2. Don't imagine you can change a man - unless he's in diapers.

3. What do you do if your boyfriend walks out? You shut the door.

4. If we put a man on the moon - we should be able to put them all up there.

5. Never let your man's mind wander - it's too little to be out alone.

6. Men are all the same - they just have different faces so that you can tell them apart.

7. Definition of a bachelor: a man who has missed the opportunity to make some woman miserable.

8. Women don't make fools of men - most of them are the do-it-yourself types.

9. Best way to get a man to do something: suggest he's too old for it.

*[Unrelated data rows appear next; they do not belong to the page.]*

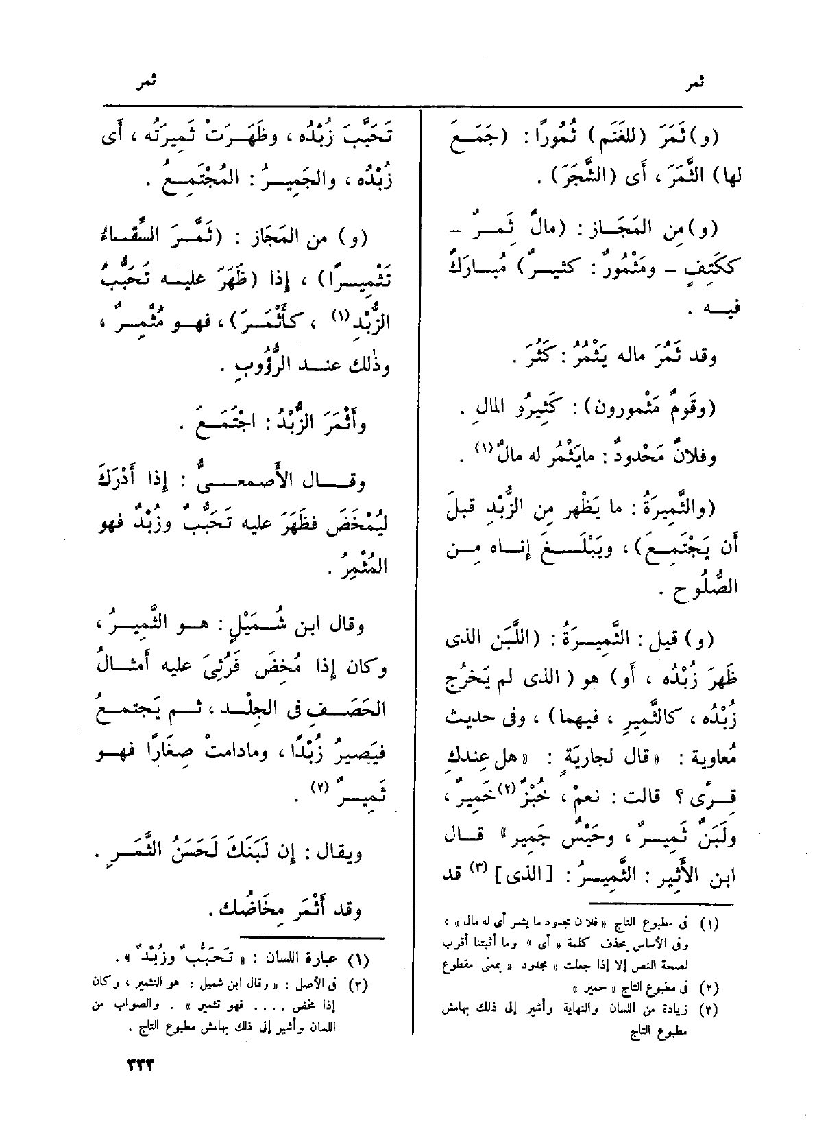 (و) قيل: الثَّمِيرَةُ: (اللَّبَن الَّذِي ظَهرَ زُبْدُه، أَو) هُوَ (الَّذِي لم يَخرُج زُبْدُه، كالثَّمِيرِ، فيهمَا) ، وَفِي حَدِيث مُعاوية: (قَالَ لجاريَةٍ: (هَل عِندكِ قِرىً؟ قَالَت: نعمْ، خُبْزٌ خَمِيرٌ، ولَبَنٌ ثَمِيرٌ، وحَيْسٌ جَمِير) قَالَ ابْن الأَثِير: الثَّمِيرُ: (الَّذِي) قد تَحَبَّبَ زُبْدُه، وظَهَرَتْ ثَمِيرَتُه، أَي زُبْدُه، والجَمِيرُ المُجْتَمِعُ.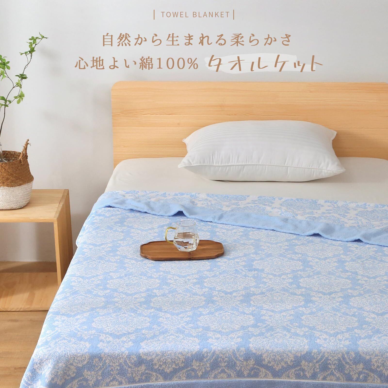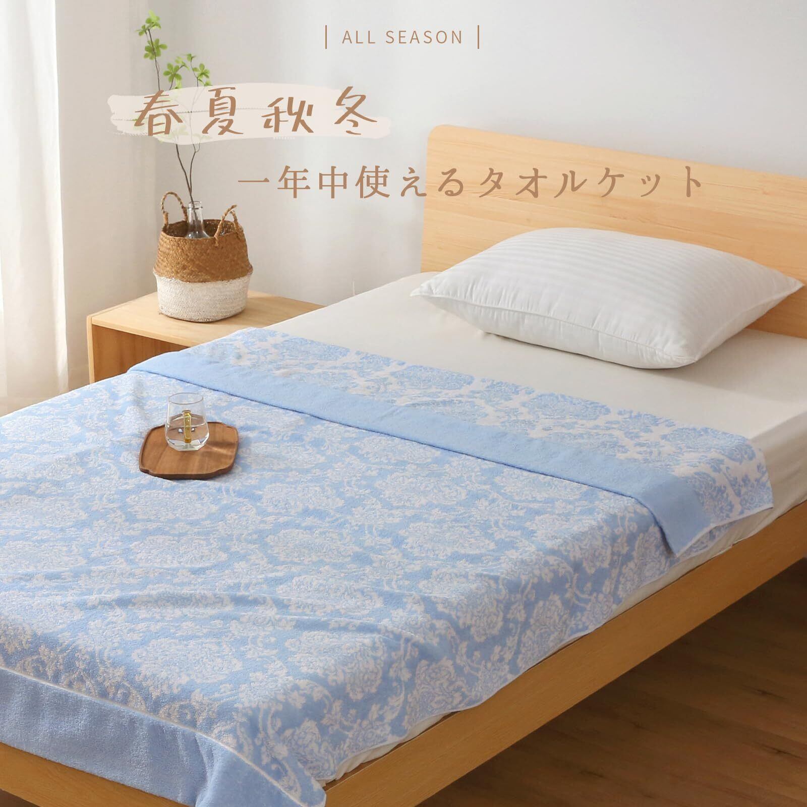 SE タオルケット シングル 夏用 ブランケット 綿100% おしゃれ 柔らかい ふんわり 吸湿速乾 抗菌防臭 洗える オールシーズン快適 140cmx200cm (からくさ·ブルー) 「SE Softexly」 | BASE SHOP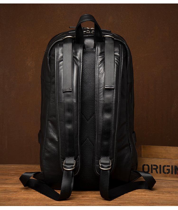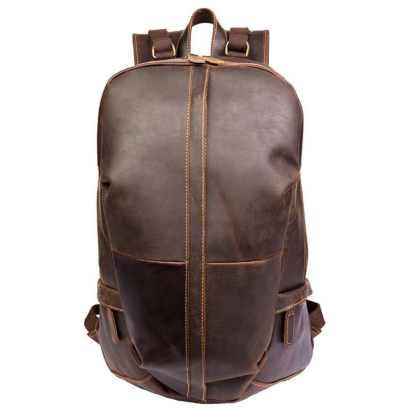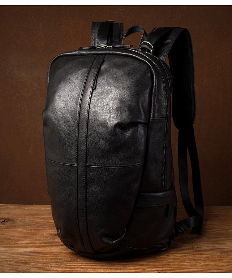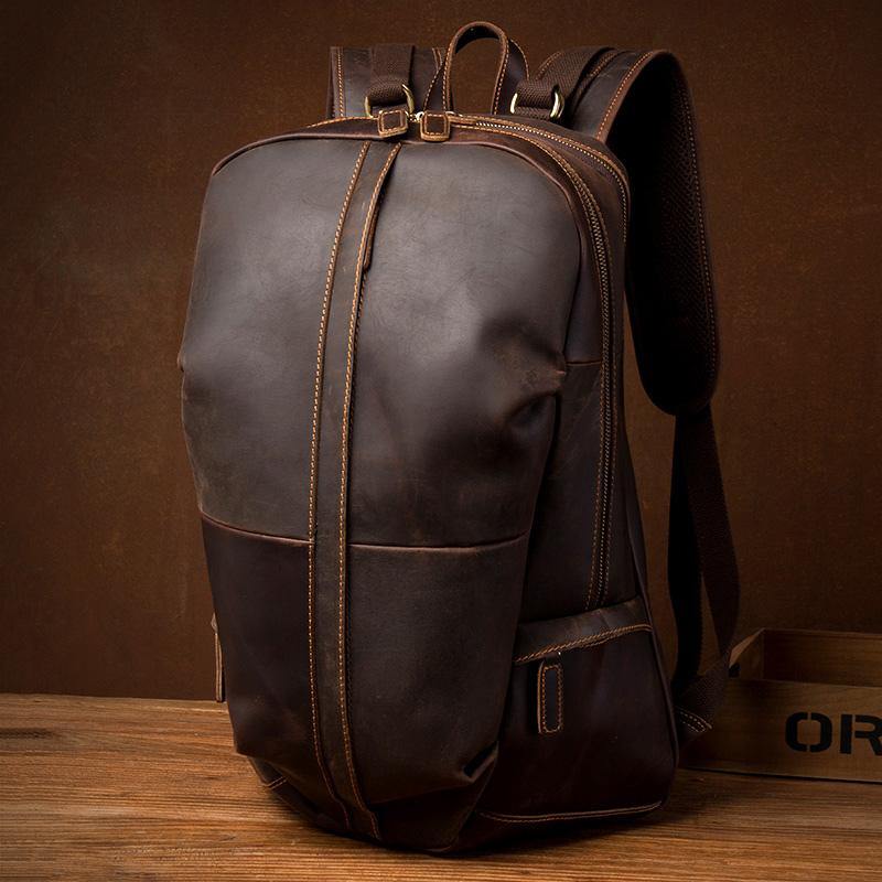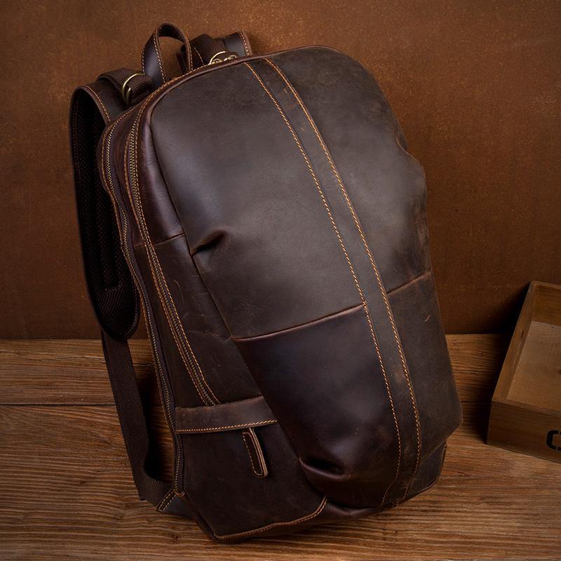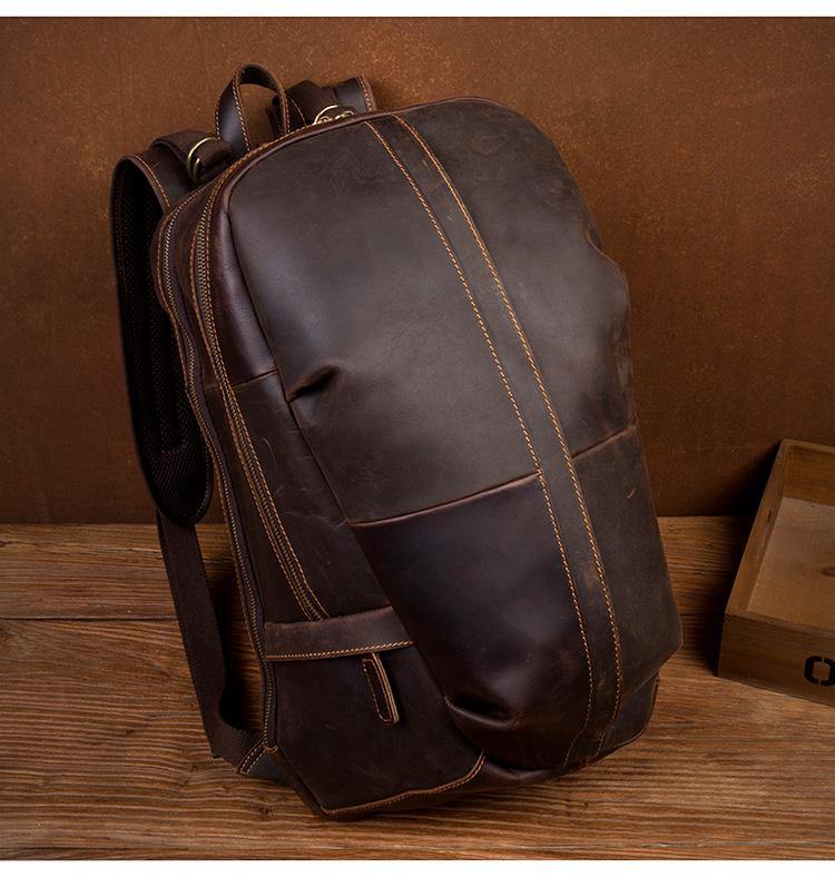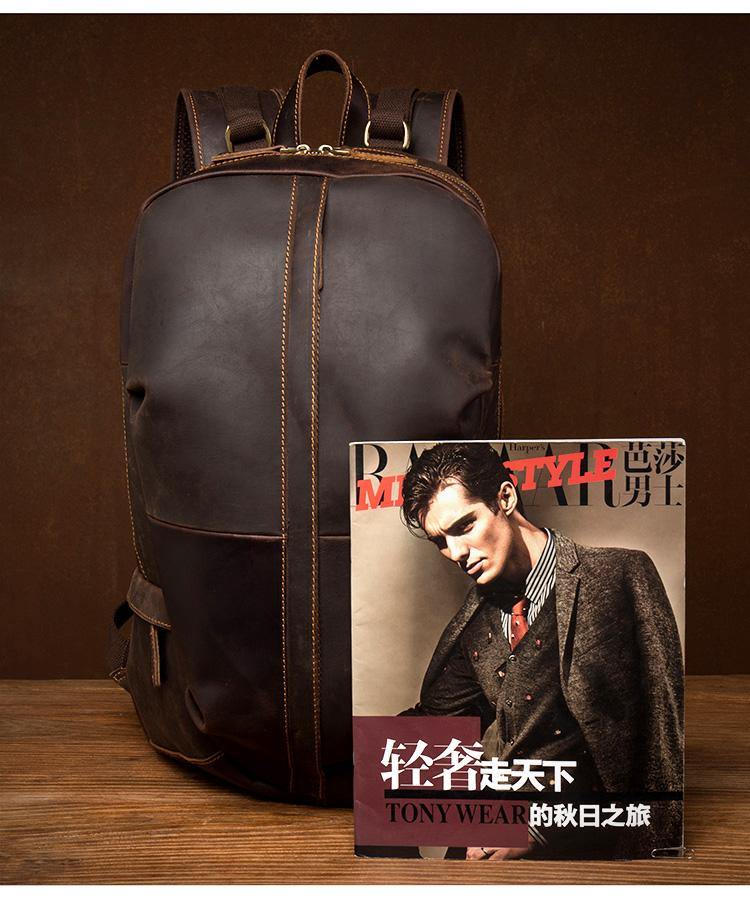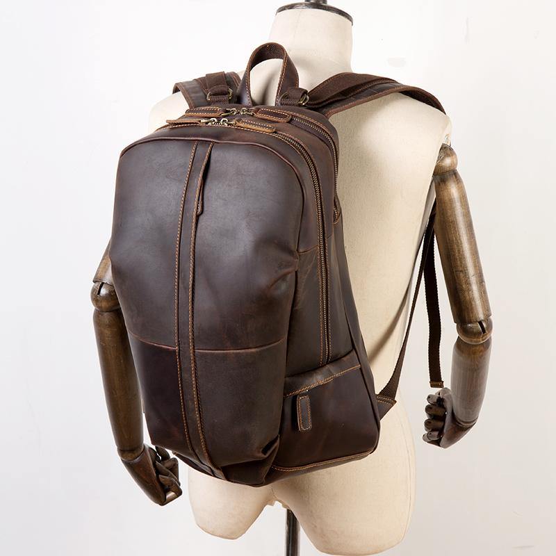 Design: Dark Brown Fashion Mens Leather 15-inch Computer Backpacks Black Travel Backpacks School Backpacks for men

10. Love is blind, but marriage is a real eye-opener.

11. If you want a committed man, look in a mental hospital.

12. The children of Israel wandered in the desert for 40 years. Even in biblical times, men wouldn't ask for directions.

13. If he asks what sort of books you're interested in, tell him chequebooks.

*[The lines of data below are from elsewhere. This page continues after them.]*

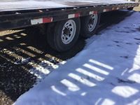 spring ride, 7000 lb axles, 16" rubber, beaver tail with flip up ramps, spare tire, front tool box, Alberta registered
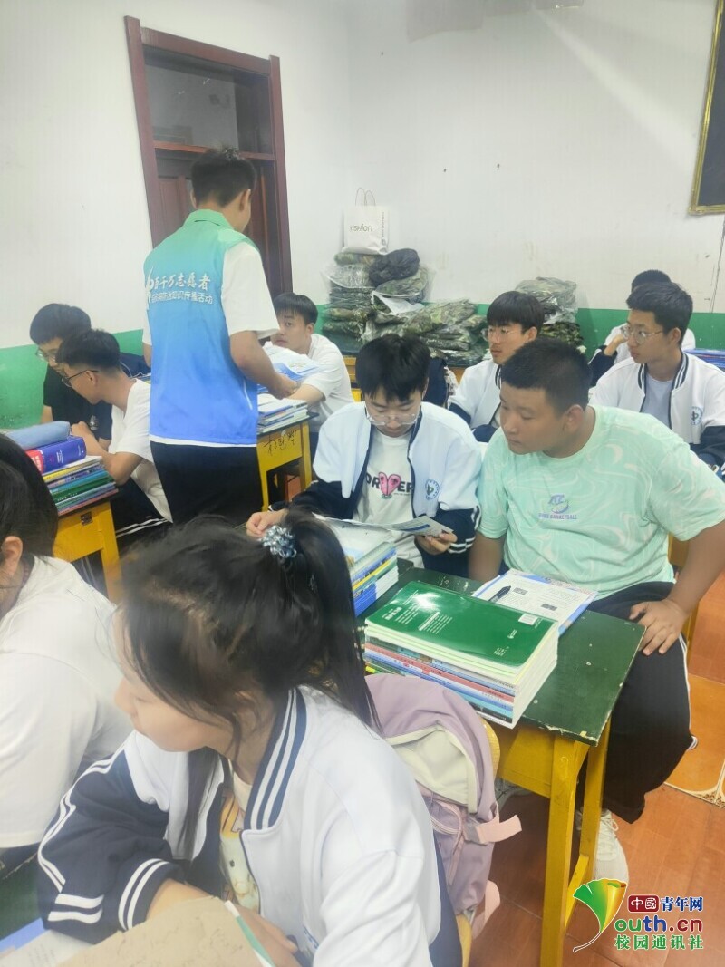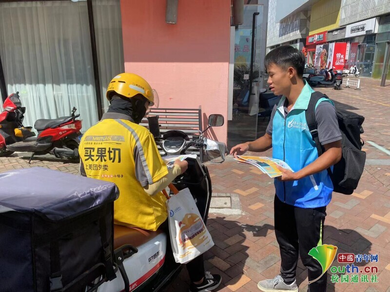 图为8月29日,晨曦服务社队员来到齐齐哈尔市龙江县第一中学为学生发放纸质宣传手册。中国青年网通讯员 周龙 供图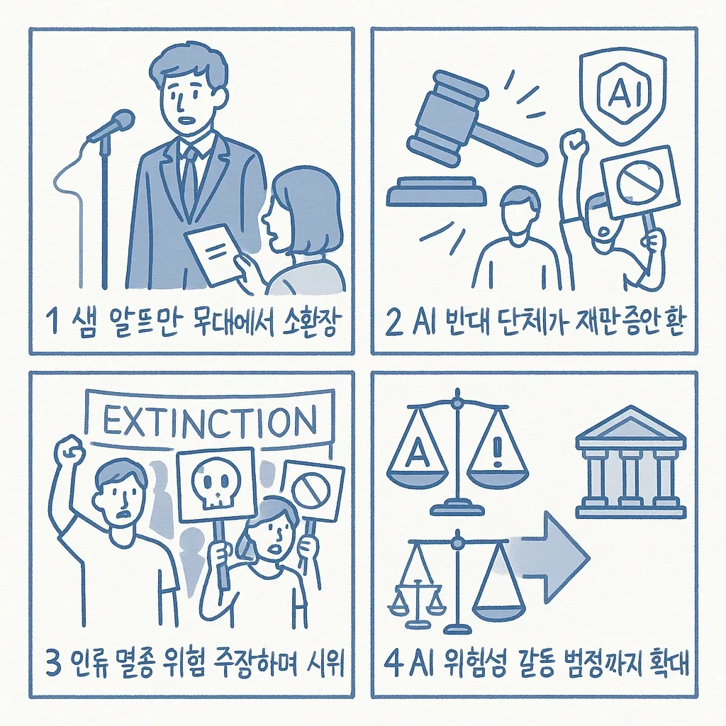 샘 알트만, 무대 위에서 법원 소환장 받아... AI 반대 시위대 재판 증인 출석 요구

14. Remember: a sense of humour does not mean you tell him jokes; it means you laugh at his.

15. Sadly, all men are created equal.

Also, just a thought for all the women out there...
MENtal illness
MENstrual cramps
MENtal breakdown
MENopause
Ever notice how all of women's problems start with MEN?

And when we have real trouble, it's HISterectomy

2006-09-30 04:17:07 · 18 answers · asked by Anonymous in Entertainment & Music Jokes & Riddles

18 answers

And don't forget:

MANipulator
MANure
MANiac
MENace

Nice post : )

2006-09-30 04:37:26 · answer #1 · answered by Anonymous · 1 0

If it truly is an fairly severe question, i will supply you an fairly severe answer. No, it shouldn't. i ought to work out you ask this similar question in a room finished of "bitches", yet you would not be able to. you'd be too busy attempting to procedure the actual shown reality that there are women those who're actually round you. i'm hoping the subsequent time you ever devour a sandwich made through a lady (laughable), it really is laced with laxatives. sturdy day.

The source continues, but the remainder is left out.